AMD’s MCM Design Cost Savings Allow Aggressive Pricing
As the underdog, AMD has to be more aggressive than Intel to seize marketshare. At the same time, Intel enjoys greater economies of scale and can charge more as the dominant brand. As a result, AMD has turned to innovative ways to undercut their giant competitor. For their new Summit Ridge designs, AMD turned to a MCM architecture. As it turns out, this leads to significant cost savings.
For Ryzen, Threadripper, and EPYC, AMD is using a common 4 core Summit Ridge design. This is made up of 2 4 core CCX units on a single die making up 8 cores. To create Threadripper and EPYC CPUs, AMD stitches together 2 or 4 modules together on a MCM package. These are connected using the high-speed Infinity Fabric interconnect. As a result, these larger CPUs are somewhat glued together, albeit designed to do so.
AMD MCM Cuts Cost by 41%
According to AMD, the move to a MCM design is critical to their pricing strategy. By using a common silicon design, AMD is able to reap greater economies of scale. The top 5% percentile get used in Threadripper with even better chips used for EPYC. Regular Ryzen gets lower end chips and defective ones are harvested for the low-end Ryzen chips. This means AMD can get better effective yields and make the most out of their silicon.

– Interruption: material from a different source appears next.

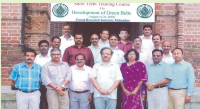
Participants of short term training course on Development of Green Belts at FRI, Dehradun

FRI, Dehradun organized a short term training course on "Development of Green Belts" from 16 th to 20 th August 2010.

Due to the MCM design, AMD’s 4 module 32 core CPU costs just 0.59X that of a monolithic 32 core design. This 41% cost saving is getting passed onto the consumer in the form of aggressive pricing. The remaining question is how much performance is being lost with the MCM design. It will also be interesting to see how Intel will react and evolve to meet this resurgent AMD.
in EPYC, nothing is lost to Skylake SP from AMD’s MCM approach, because Infinity Fabric is that good and EPYC does not support more than 2 sockets, so they had were able to offer 8ch memory vs 6ch for Skylake SP. This higher memory BW makes up for any latency, which only exists at larger block sizes, where memory BW has even more of an effect on reducing overall transfer times.
EPYC is just plain better, lower power, and cheaper than Skylake SP.
BW and latency are two different concepts. The latency issue is not solved by providing moar BW
AMD were not to know yields would be excellent. Were they not, mcm is also a great risk/cost reducing strategy.
W/ their inspired model mix, few flawed cores/ccxS? would be total discards. I hear 99% (of cores/ccxS?) are used.
A chip mask like zen is a bet the company risk for the likes of amd. Its terribly clever of them to have leveraged that one big bet, to more than compete at every point from entry level ~I3 and mobile, up thru HEDT, Workstation and ~hi and low end servers, all products simply being multiples of the same stock mass produced cpu core.
Point being, sunk costs or overheads are as essential a viability factor as the marginal cost of each core, and mcm aced that cost factor too.
This is not anything “innovative”. MCM is an old technology has been used in the industry for many years. IBM
Power2 CPU released in 1993 used MCM. The main chip on the Nintendo Wii U console released in 2012 is another MCM package.
Moreover, AMD already used MCM designs before. For instance, the Bulldozer/Piledriver 16-core Opteron used two dies of 8-core each just to reduce costs.
The slide is a bit misleading. It mentions only die cost reduction, but it doesn’t mention the costs associated to packaging multiple dies, including the own packaging yields. But of course, even including the packaging extra cost, the whole system is cheaper than an alternative design with a giant monolithic die.
Why are most server chips monolithic? Because the MCM approach has both performance and power penalties. An monolithic die is better both for performance and power. That is the reason why engineers from IBM, Intel, Fujitsu, Sun/Oracle, MACOM, Cavium,… have preferred monolithic die for their server chips.